Sul rientro a scuola il 7 gennaio inizia a paventare i primi dubbi persino Lucia Azzolina, che fino ad adesso era stata la più agguerrita circa la necessità ineluttabile degli alunni di far rientro a scuola.
Eppure, adesso, è proprio lei che a ridosso delle feste di Natale sembra essere afflitta da qualche perplessità, frutto forse anche delle pressioni degli esperti che spingono verso il “no” categorico alle riaperture. È stata proprio la Ministra, nelle scorse ore, ad ammettere che riaprire le scuole: “resta il nostro obiettivo, ma si dovrà fare una valutazione della situazione a fine anno con un piano credibile e pronto per la sua attuazione“.
Intanto Agostino Miozzo sostiene la riapertura. A detta dell’esperto, infatti “la seconda ondata di contagi non è dipesa dalle scuole“. Mentre Gianni Rezza è di opinione opposta: “Analizzando i dati non è possibile dire se le scuole potranno essere riaperte in sicurezza“.

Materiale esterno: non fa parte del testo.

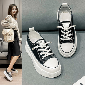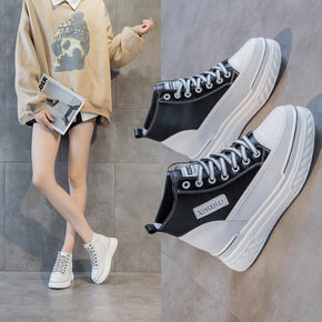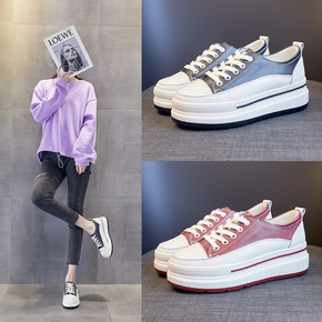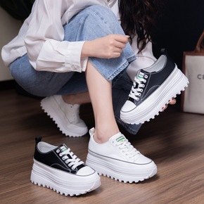 小白鞋女2021年春秋季新款厚底松糕内增高学生系带...

È per il no anche il governatore del veneto Luca Zaia, secondo il quale la riapertura al 7 di gennaio provocherebbe un vero e proprio disastro. Zaia afferma: “se il 7 gennaio si aprono le scuole in una situazione come questa è possibile che ci faremo del male“.
Insomma, ancora troppe incertezze sulle riaperture, soprattutto a fronte del fatto che a rappresentare un pericolo non sono solo le scuole in sé, ma anche e soprattutto i mezzi di trasporto, veicolo oramai tristemente noto di contagio.